I'm trying to design a PLL frequency multiplier which will track a
50Hz +- 1Hz sinusoidal signal and generate a clock at a rate of
12.8Khz nominal, synchronised to that signal. (*256 multiplication)

I've got an LM565 phase locked loop and have built a circuit which has
a divide by 256 counter in the feedback loop, similar to the reference
design on page 7 of the datasheet (http://cache.national.com/ds/LM/
LM565.pdf) albeit with different component values and a lead lag
filter .

This circuit works to a point - I've succesfully locked onto the input
signal and am generating a 12.8khz clock which is synchronised to the
input waveform.

However, as I vary the input frequency between 49 and 51hz, there is a
change in phase between the output and the input which can be clearly
seen by comparing pins 2 (input) and 5 (divided signal - input to the
phase detector.)

Someone has said that this is because the LM565 has a type one phase
detector (?) and hence there will always be a phase error which is
dependent on input frequency - is that correct?

For reference, the parameters of the loop are as follows....

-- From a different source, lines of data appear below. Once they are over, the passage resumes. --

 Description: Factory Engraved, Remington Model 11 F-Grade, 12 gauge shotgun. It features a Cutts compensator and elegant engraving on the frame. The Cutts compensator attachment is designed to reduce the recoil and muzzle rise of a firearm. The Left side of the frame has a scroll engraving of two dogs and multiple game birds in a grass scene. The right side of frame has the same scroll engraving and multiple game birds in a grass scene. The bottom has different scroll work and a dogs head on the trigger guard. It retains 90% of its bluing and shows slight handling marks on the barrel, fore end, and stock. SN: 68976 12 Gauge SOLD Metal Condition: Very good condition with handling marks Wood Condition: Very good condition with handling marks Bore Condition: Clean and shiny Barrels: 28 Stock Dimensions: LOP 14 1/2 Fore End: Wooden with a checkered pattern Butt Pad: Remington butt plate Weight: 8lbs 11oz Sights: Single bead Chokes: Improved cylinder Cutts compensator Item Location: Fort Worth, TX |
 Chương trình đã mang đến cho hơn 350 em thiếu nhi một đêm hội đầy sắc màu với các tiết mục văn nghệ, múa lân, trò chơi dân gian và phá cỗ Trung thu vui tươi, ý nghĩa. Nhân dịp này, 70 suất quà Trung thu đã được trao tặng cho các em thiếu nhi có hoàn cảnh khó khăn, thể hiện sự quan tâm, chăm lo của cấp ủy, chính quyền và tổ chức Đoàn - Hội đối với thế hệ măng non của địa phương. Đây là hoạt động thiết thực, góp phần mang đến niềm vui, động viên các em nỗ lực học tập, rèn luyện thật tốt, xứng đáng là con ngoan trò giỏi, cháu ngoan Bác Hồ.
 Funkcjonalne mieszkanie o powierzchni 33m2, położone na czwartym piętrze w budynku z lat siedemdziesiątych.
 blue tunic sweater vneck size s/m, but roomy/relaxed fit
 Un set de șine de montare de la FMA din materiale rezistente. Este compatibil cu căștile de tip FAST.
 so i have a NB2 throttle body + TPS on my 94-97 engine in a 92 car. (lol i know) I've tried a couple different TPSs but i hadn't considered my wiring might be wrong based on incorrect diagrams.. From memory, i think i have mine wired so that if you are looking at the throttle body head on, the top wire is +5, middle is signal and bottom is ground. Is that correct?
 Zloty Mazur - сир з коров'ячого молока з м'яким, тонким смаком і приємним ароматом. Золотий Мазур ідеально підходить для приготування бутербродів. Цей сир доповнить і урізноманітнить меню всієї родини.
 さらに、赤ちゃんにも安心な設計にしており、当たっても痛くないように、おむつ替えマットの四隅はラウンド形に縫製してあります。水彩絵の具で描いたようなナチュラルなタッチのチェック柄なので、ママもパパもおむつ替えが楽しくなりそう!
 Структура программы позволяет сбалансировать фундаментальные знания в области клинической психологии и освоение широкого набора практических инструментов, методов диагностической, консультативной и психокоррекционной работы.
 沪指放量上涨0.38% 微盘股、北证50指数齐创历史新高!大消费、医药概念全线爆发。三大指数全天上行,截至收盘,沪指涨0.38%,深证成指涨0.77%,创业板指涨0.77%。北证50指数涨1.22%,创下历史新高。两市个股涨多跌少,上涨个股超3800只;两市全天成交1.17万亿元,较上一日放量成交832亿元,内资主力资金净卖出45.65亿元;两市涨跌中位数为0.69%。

Free running frequency - 12.8khz (hand tuned)
Loop Gain 86016 (from datasheet)
Natural Frequency 864hz
Damping factor 1.39
T1 cutoff frequency - 8.45
T2 cutoff frequency - 312.5

If anyone could offer any advice, then I'd be most grateful.

Thanks,

Jim

2. ### John PopelishGuest

The DC control voltage sent to the voltage controlled
oscillator is proportional to the phase error, so changing
the oscillator frequency requires a change in the phase
error. Add an integrator in that control loop and the phase
error will be fixed over the frequency range. Or switch to
a CD4046 type PLL chip that has a form of integrator
included as a second choice of phase detector and get a zero
phase error between the reference and the divider output.

3. ### Phil HobbsGuest

It isn't the multiplying phase detector that's at fault, it's low loop
gain. In order for the VCO to go from 49 to 51 Hz, its control voltage
has to move a little bit:

delta V = delta f/(df_vco/dV)

If there isn't much gain between the phase detector and the VCO, the
phase shift has to change in order to generate that delta V. This is
true regardless of what kind of phase detector you're using.

If you put an op amp between the phase detector and VCO--with an
appropriate lead/lag network so the loop doesn't become unstable--you
can get rid of the phase error by a factor of about a million.

Cheers,

Phil Hobbs

4. ### JamieGuest

http://www.maxim-ic.com/appnotes.cfm/an_pk/1130

Check that one out, it's designed to provide minimum pulse
width a the detector to prevent dead band problems witch is
part of your phase shift issue.

5. ### Tom Del RossoGuest

Which of its detectors are you refering to there?

6. ### John PopelishGuest

I am talking about phase detector II, the one that goes open
circuit when zero phase error is reached, and if used to
drive a filter that has no resistor across it (typically a
resistor in series with a capacitor or a series RC in
parallel with another capacitor), will hold its voltage with
no further error signal.